How Can I Know If I’ve Truly Forgiven Or I’m Holding Resentment?

  1. Forgiveness is an act of agape, the highest NT Greek word for love – sacrificial love. This means genuinely wanting the best for the offender. Without agape, forgiveness is impossible.
  2. Forgiveness will primarily therefore be praying and acting for God’s blessing, healing, restoration, transformation to be experienced by the offender.
  3. Forgiveness can be genuine in the absence of philia: the Greek word for a feeling of affection towards the offender. We can decide to show love even if we don’t feel affection.
  4. Forgiveness must however be sincere (“from the heart” Matt 18:35) in wanting the best for the offender.
  5. Forgiveness will not necessarily mean the hurt or emotional impact of the offence is removed but it does mean deciding not to act out of that hurt, which would be resentment. i.e. resentment is withholding agape from another person because of the hurt felt.

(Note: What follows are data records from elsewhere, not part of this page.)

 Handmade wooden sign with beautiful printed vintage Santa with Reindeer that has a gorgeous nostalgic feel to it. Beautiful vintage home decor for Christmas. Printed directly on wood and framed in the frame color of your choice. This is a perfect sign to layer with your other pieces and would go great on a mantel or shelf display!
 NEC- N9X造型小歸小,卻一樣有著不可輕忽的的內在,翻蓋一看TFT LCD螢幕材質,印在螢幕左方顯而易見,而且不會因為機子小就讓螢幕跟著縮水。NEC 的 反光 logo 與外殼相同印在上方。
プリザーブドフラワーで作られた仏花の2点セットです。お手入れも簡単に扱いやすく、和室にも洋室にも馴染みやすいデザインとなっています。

  6. Forgiveness is not incompatible with expressing the emotional hurt to a third party for constructive reasons: to help with the healing or the process of showing agape to the offender or because the third party genuinely needs to know about the offence. But negative gossip about the offender is incompatible with forgiveness.

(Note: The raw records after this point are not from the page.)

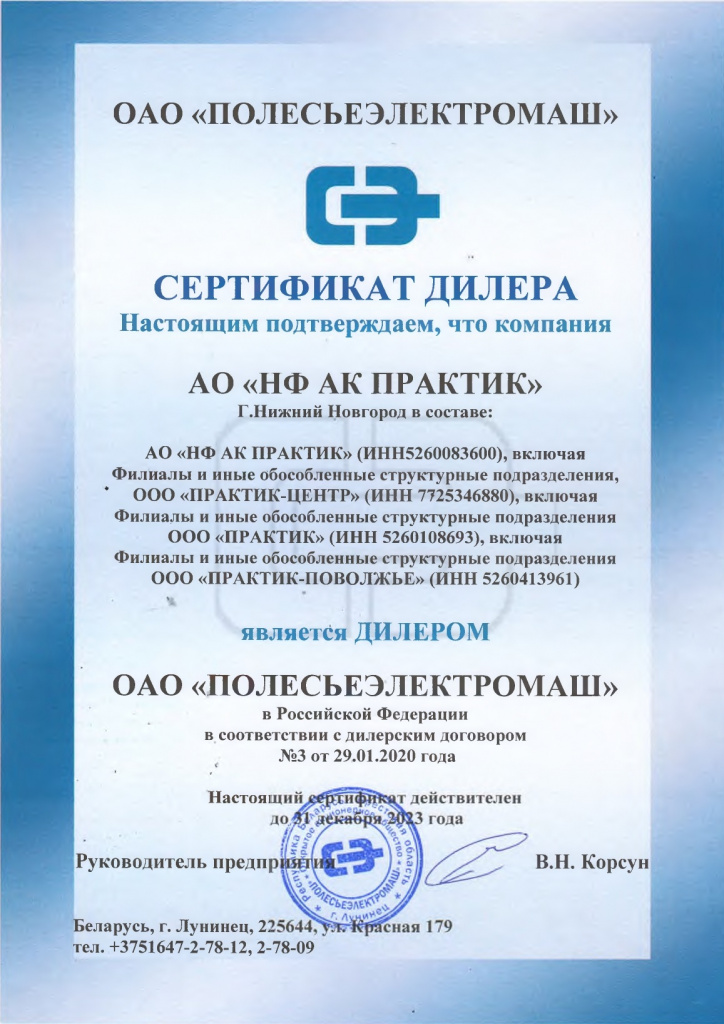 Сертификат дилера ОАО «ПОЛЕСЬЕЭЛЕКТРОМАШ»
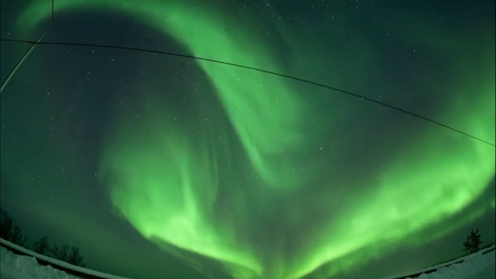 На кадрах видно, как по небу бегут, извиваясь в причудливые формы, изумрудные волны.
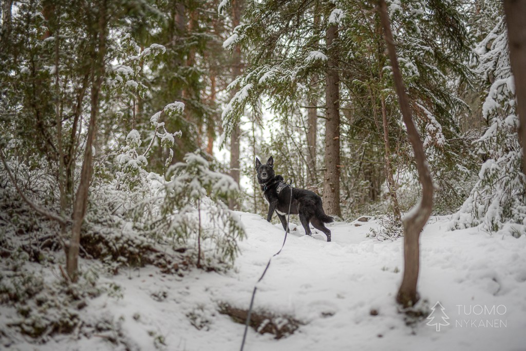 Koira spurttailee alkuun päättömästi, se on niin innoissaan, kun koko perhe on lähdössä lenkille. Pian senkin suurin into taittuu, kun se uppoaa riittävän monta kertaa lumeen mahaansa myöten, ja se siirtyy seuraamaan Tuomon suksenjälkiä.

  7. Forgiveness is not incompatible with maintaining a certain distance from the offender if that is felt necessary or helpful, so long as that does not cause hurt to him/her.
  8. Forgiveness is incompatible with using past forgiven offences against the offender. 

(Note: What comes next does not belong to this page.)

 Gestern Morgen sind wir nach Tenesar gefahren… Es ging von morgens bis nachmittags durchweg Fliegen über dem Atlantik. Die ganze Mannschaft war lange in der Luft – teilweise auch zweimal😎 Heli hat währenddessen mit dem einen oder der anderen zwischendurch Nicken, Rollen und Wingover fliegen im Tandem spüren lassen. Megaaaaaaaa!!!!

  9. Forgiveness may helpfully be maintained by being expressed (perhaps aloud) as often as necessary before God towards the offender in his absence, as well as by regular prayer for him. Where the offender is impenitent, the readiness to forgive can be expressed in this way before God. This is particularly relevant when the feelings of hurt arise.  Forgiveness is unconditional and an attitude of forgiveness is not conditional on the repentance of the offender.
  10. Forgiveness or the readiness to forgive should, however, also be conveyed directly to the offender. 
  11. Readiness to forgive is not incompatible with causing the offender to face the consequence of his sin: e.g. discipline,  legal settlement, etc. (However, justice must be tempered with mercy). Nor is it incompatible with acting or praying to prevent the person doing further damage.